Бабинька задыхалась; но дня черезъ два она совсѣмъ притихла. Молча ходила она по корридору и по пріемнымъ комнатамъ. Если спальни не была заперта, она входила туда, садилась поодаль отъ кровати, молчала цѣлыми часами и только отъ времени до времени отрывисто взглядывала на сына. Когда являлся Борисъ, она скрывалась. Безполезно было ей придираться къ внуку. Она уже чувствовала, что царству ея положенъ конецъ, и это сознаніе ежесекундно точило ея душу, хотя наружно она и присмирѣла. Еслибъ человѣкъ со стороны вошелъ въ большой дикій домъ, его бы поразила натянутость отношеній между матерью, сыномъ и внукомъ. А между тѣмъ иначе и быть не могло. Бабинька отводила душу только съ Амаліей Христофоровнои, у себя въ диванной. И въ домѣ всѣ люди тотчасъ замѣтили, что декорація перемѣнилась, что старая барыня отставлена на задній планъ. Домъ и большая часть дворовыхъ были молодаго барина, какъ привыкли всѣ называть, по старой привычкѣ, Николая Дмитрича, и послѣ смерти его, все это переходило барченку. Пелагея Сергѣевна на своихъ дѣвкахъ выливала желчь, и наперсницѣ доставалось по тридцати разъ въ сутки. Она съ прежнимъ усердіемъ исполняла должность лазутчика и со всевозможными подробностями докладывала ежеминутно, что вотъ Лапинскій баринъ пріѣхалъ, и еще двоихъ господъ привезъ, и чернильницу въ спальню требовали, и Борисъ Николаичъ рано уѣхали, и съ Лапинымъ въ залѣ шептались… Все это бабинька знала въ подробности; но оно только раздражало ее, только еще яснѣе показывало ей, что никакія лазутничества не помогутъ, и бабинька часто награждала Фицку за все ея усердіе бранью, а подъ-часъ и пощечинами. Но Фицка уже не могла разстаться съ своей ролью, она органически въѣлась во все ея существо.

XXXV.

Григорій Иванычъ, послѣ сцены въ бильярдной, долго не показывался.

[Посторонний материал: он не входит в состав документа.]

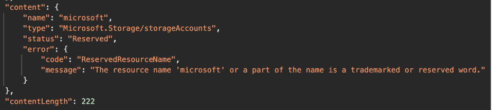 Some edge cases that we came across were when the name of the Storage account contains a trademarked or a reserved word, like “Microsoft”. In that case, we’d get the following response (Figure 6):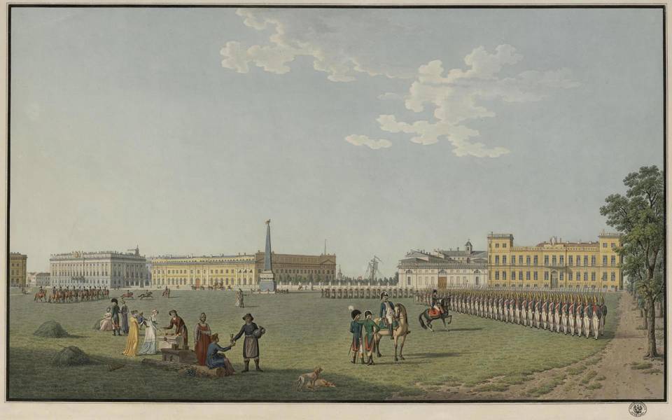 — А вот тот высокий дом — Морской и Сухопутный гошпиталь. А по левую руку от нас — Марсово поле, — продолжал рассказать Протасов.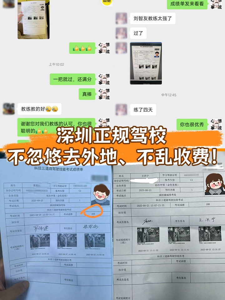 📍 在哪学? 深圳各区都有练车场!就近安排~超方便! 💺 一人一车,一对一教学! 提前约课不等待,来了就学、学完就走~超高效! ⏰ 时间自由:每天可练1-4小时,不限学时,学到会为止! 挂科也不怕!5次不过免费重学👏 📅 课表透明、教练规范! 主管+客服双监督,杜绝“吃拿卡要”🙅 明码标价、收费清晰,签正规合同➕开发票! 权益有保障,校长亲自处理问题✨ 🚦 怎么考? 深圳学、深圳考,考场可自选~ 快的话2个月拿证🪪 科一科四手机学,科二场地练,科三路上开~ 📌 C1手动 vs C2自动? C2更好考,适合日常家用~ 全国考试内容统一,可异地转考/迁证~ ✅ 靠谱提醒: 深圳正规驾校,不忽悠去外地、不乱收费! 建议考前实地模拟,通过率更高哦~
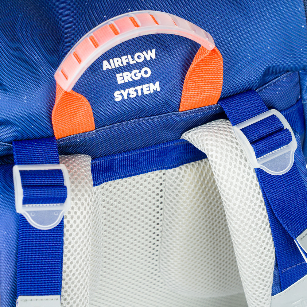 • System pleców doskonale dopasowuje się do sylwetki ucznia. Ma za zadanie wspomagać zdrowy rozwój dziecka oraz zapewnić odpowiedni przepływ powietrza wzdłuż kręgosłupa.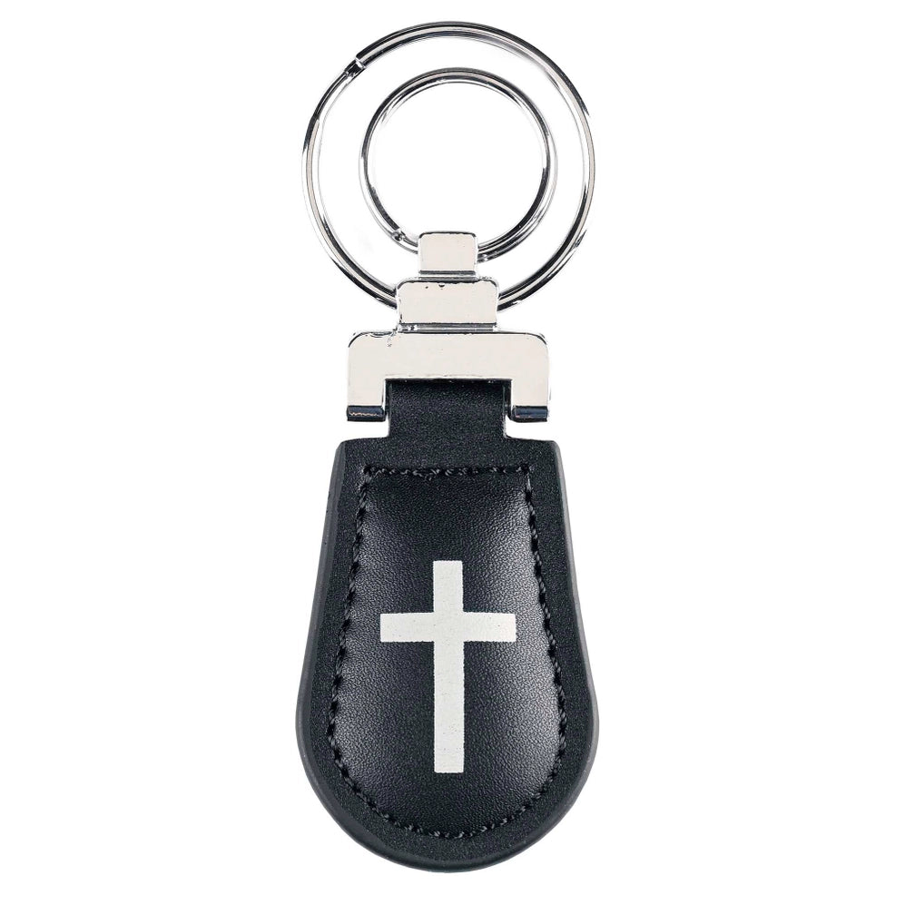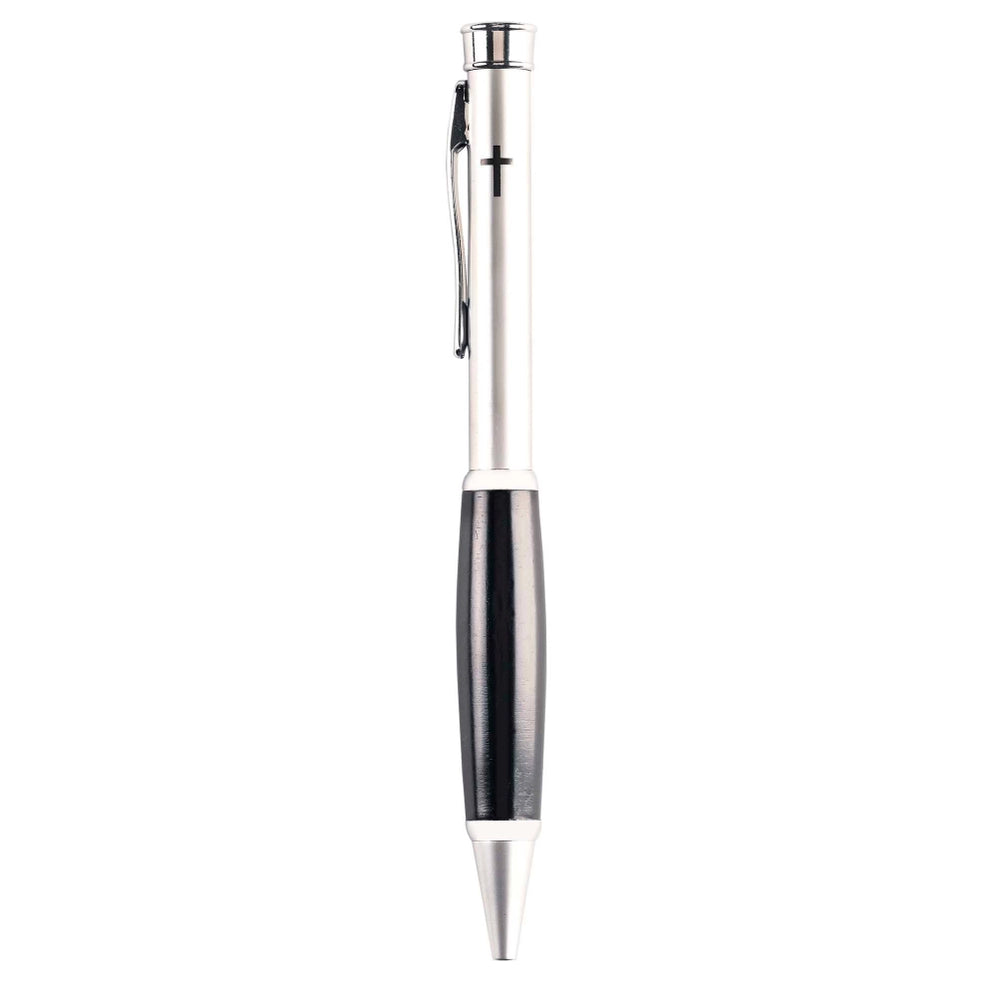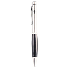 Pen has large rounded lower barrel that twists to release/retract the pen point. Ink is black. Keyring has black leatherette fob with silver cross emblem and Eph. 6:13-17 verse reference. Pieces fit securely in the specially cut.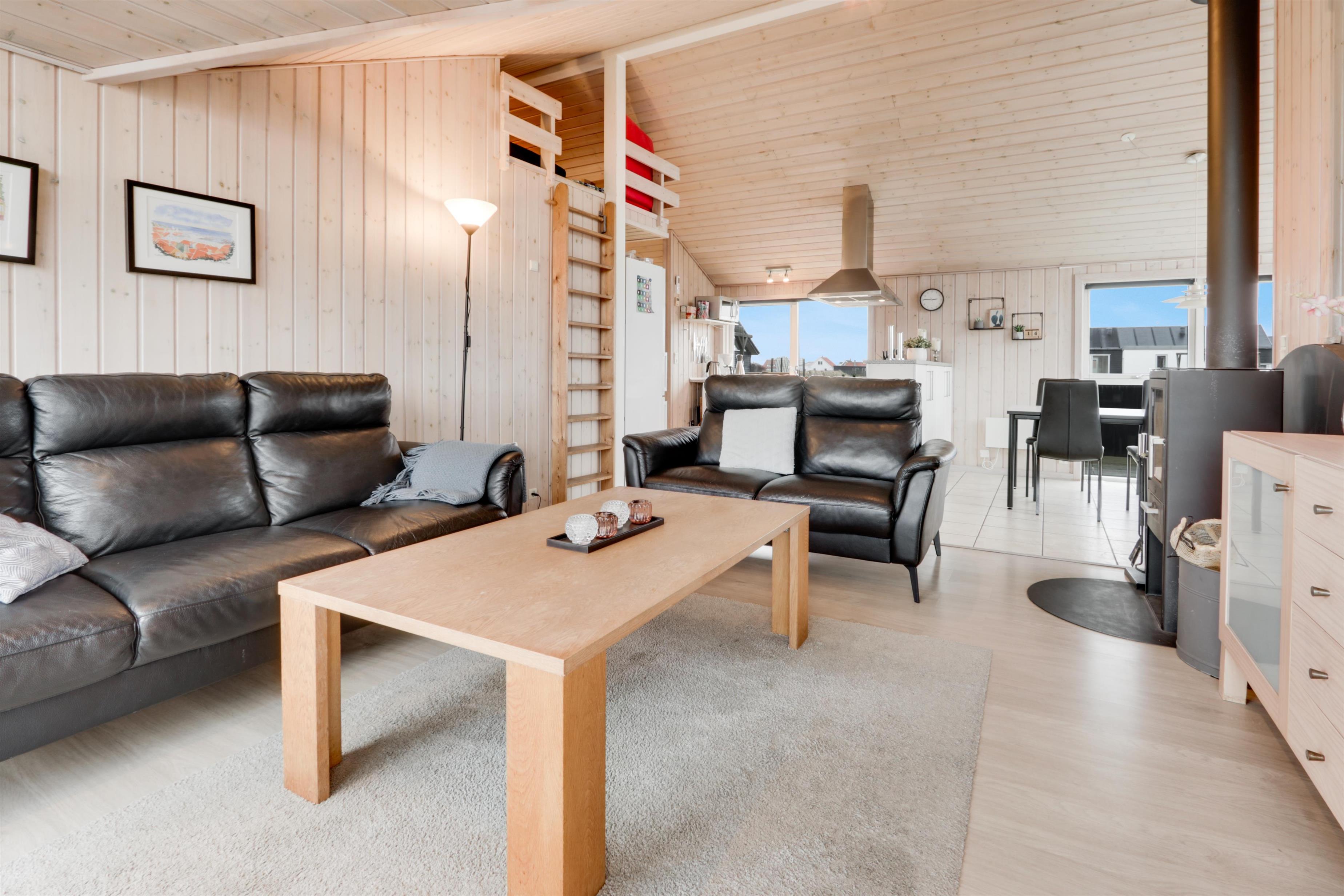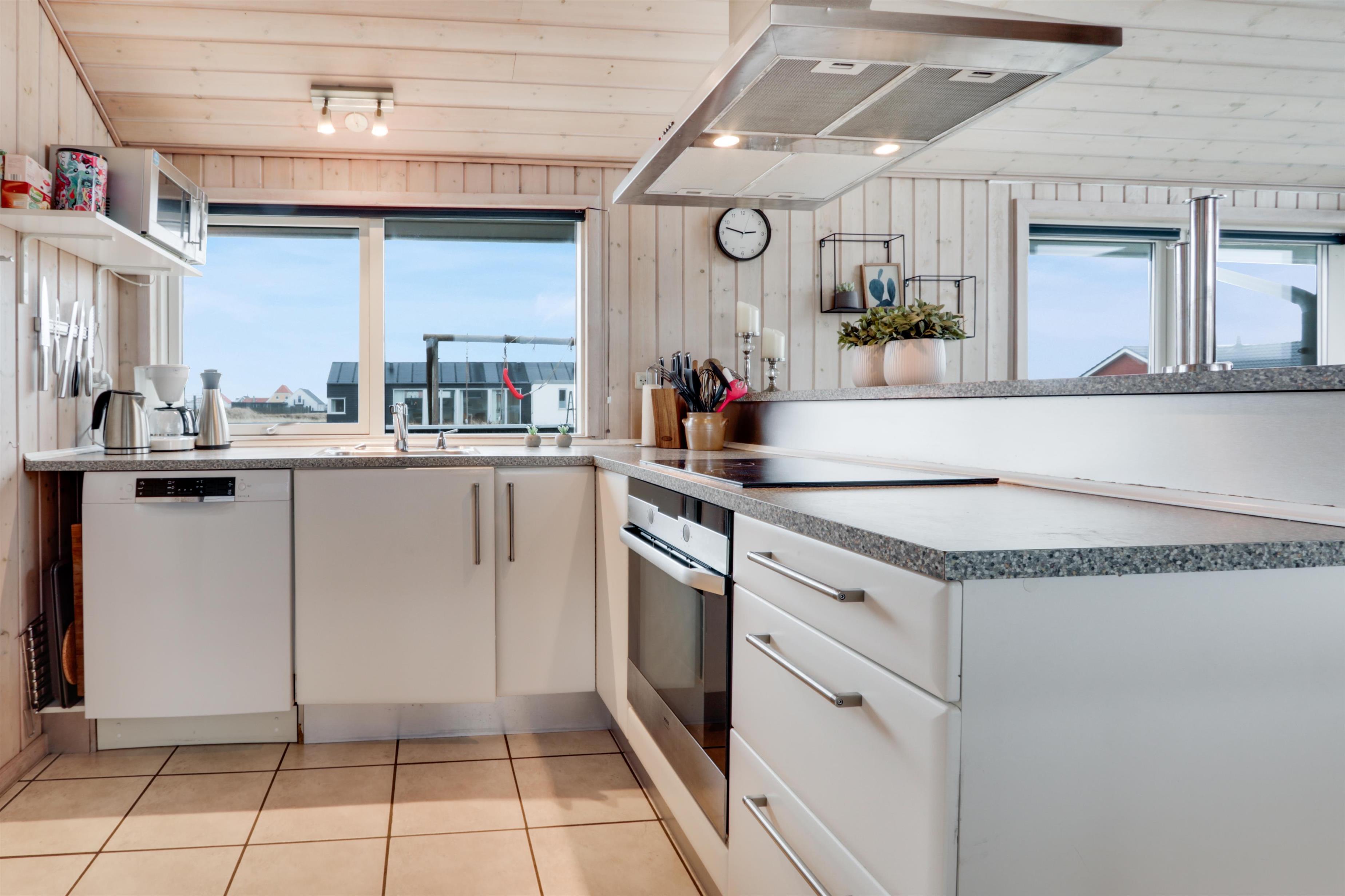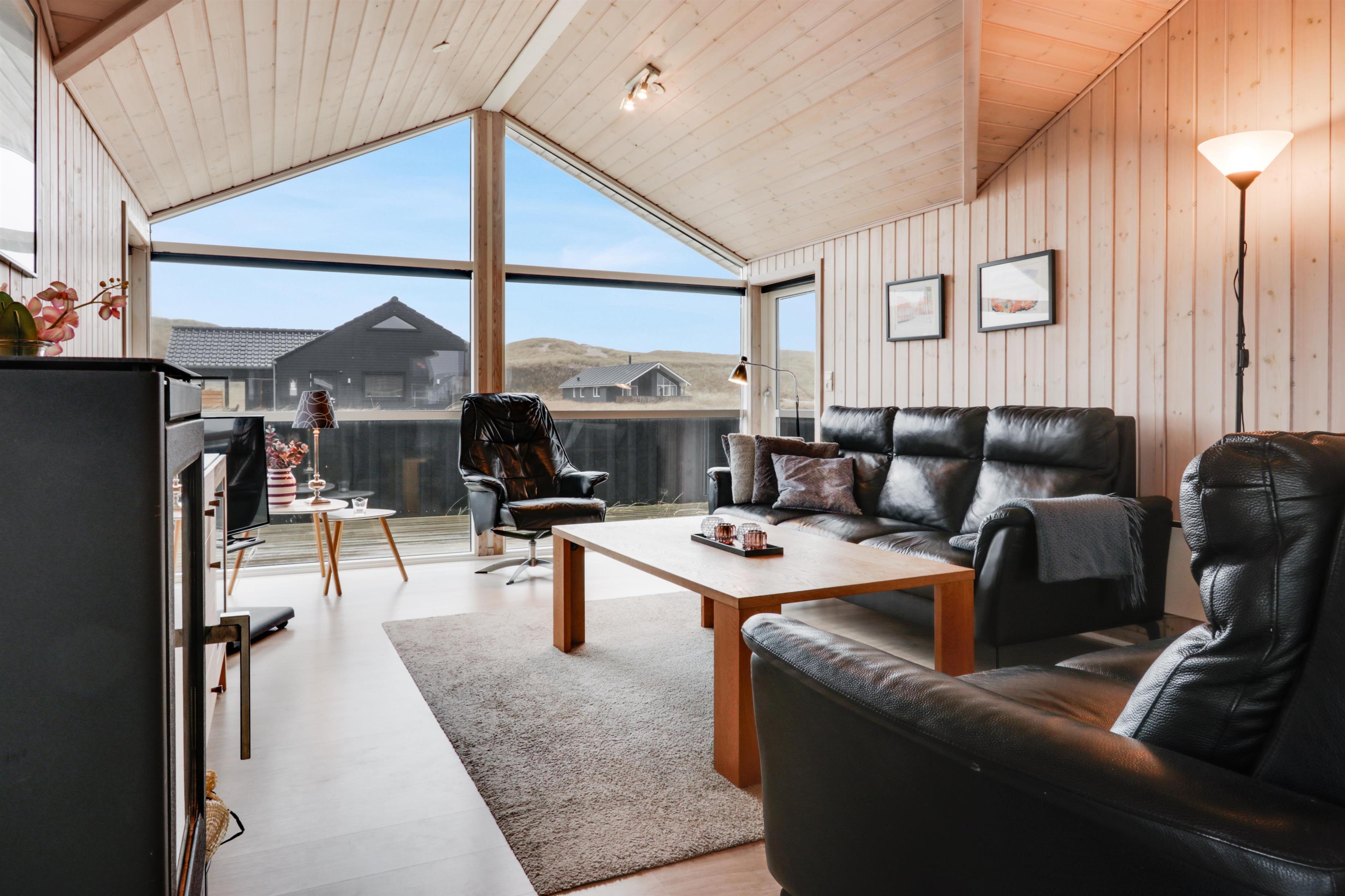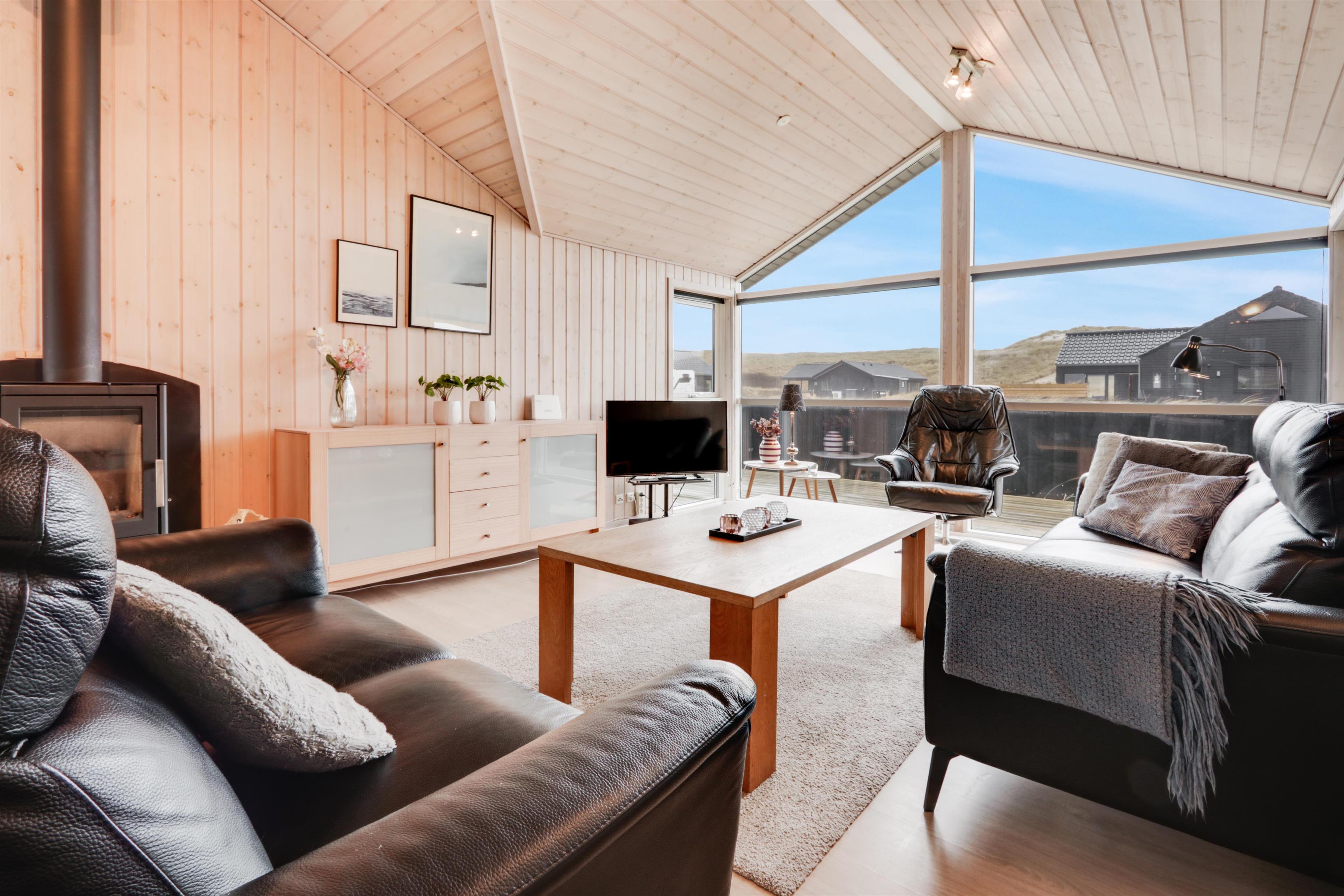 Schönes Ferienhaus aus Holz auf einem Dünengrundstück dicht an der Nordsee gelegen. Das Haus ist hell und freundlich eingerichtet mit Holzboden, die Wände sind durch hohe Decke geöffnet und es gibt große Panoramafenster. Schöner Wohnraum mit Ledermöbeln, F-TV mit dänischen und deutschen Programmen und die Möglichkeit für Streaming von TV / Radio / Apps für die Sie selber einen Abonnement haben. Ein Kaminofen und eine Wärmepumpe sorgen beide für eine schöne Wärme und helfen auch dabei eine günstigere Nebenkostenrechnung zu bekommen. An dem einen Ende vom Wohnraum steht der Esstisch, von dem Sie einen schönen Blick über die Gegend haben. Die Küche ist modern eingerichtet mit E-Herd, Kühl-/Gefrierschrank, Geschirrspüler und Mikrowelle. Schönes großes Badezimmer mit Toilette, Waschbecken, Dusche, Whirlpool und Zugang zur Sauna und Fliesenboden mit Fußbodenheizung. 3 gute Schlafräume, jeweils mit 1 DB. Vom Wohnraum gibt es eine steile Leiter zum offenen Schlafboden mit 2 Schlafmöglichkeiten. Waschmaschine. Nichtraucher-Haus. 1 Haustier ist erlaubt.

Бабинька послала за нимъ, разъ вечеромъ, когда Николаю Дмитричу сдѣлалось очень худо.

Онъ только-что вошелъ въ спальню, какъ больной обратился прямо къ нему.

— Дайте мнѣ умереть безъ вашихъ лекарствъ, — сказалъ онъ раздраженнымъ голосомъ.

— Коли не хотите, такъ не буду давать.

— Оставьте меня, ради Создателя!

— Что жь, мнѣ совсѣмъ васъ оставить? — спросилъ докторъ.

— Совсѣмъ, совсѣмъ! проговорилъ больной.

Григорій Иванычъ сердито повелъ бровями и, оборо-тясь къ Пелагеѣ Сергѣевнѣ, сказалъ:

— Мнѣ здѣсь, матушка, больше нечего дѣлать, грубости слушать я не подрядился.

Бабинька бросилась за нимъ изъ спальни и стала его упрашивать.

Николай Дмитричъ подозвалъ къ себѣ Бориса и послалъ его сказать Пелагеѣ Сергѣевнѣ, чтобы она сѣраго разочла; а если хочетъ его оставить своимъ докторомъ, то чтобы къ нему его не звала. — Борисъ исполнилъ это, и въ тотъ же день, отправился къ Ѳедору Петровичу, посовѣтоваться: какого медика взять. Ѳедоръ Петровичъ привезъ съ собой своего пріятеля, старшаго врача при больницѣ, добродушнаго нѣмца. Они съ Борисомъ убѣдили больнаго принимать средства, какія новый докторъ пропишетъ. Добродушный нѣмецъ качалъ все головой, очень кротко изъяснился съ больнымъ и на третій день созвалъ консиліумъ. На консиліумѣ, какъ водится, поговорили на очень скверномъ латинскомъ языкѣ, и рѣ-шилн, конечно, что надежды никакой нѣтъ; а остается только облегчить страданія больнаго.

— Ну что, Боря, — говорилъ Николай Дмитричъ въ день консиліума: — новаго ничего они не выдумали? Все равно, приходится умирать. А письма нѣтъ изъ Москвы?..

— Нѣтъ, папенька, не могу понять.

— Вѣрно сама выѣхала. А если письмо не дошло, подожди еще дня два, три, и пиши, и Ѳедора Петровича проси написать.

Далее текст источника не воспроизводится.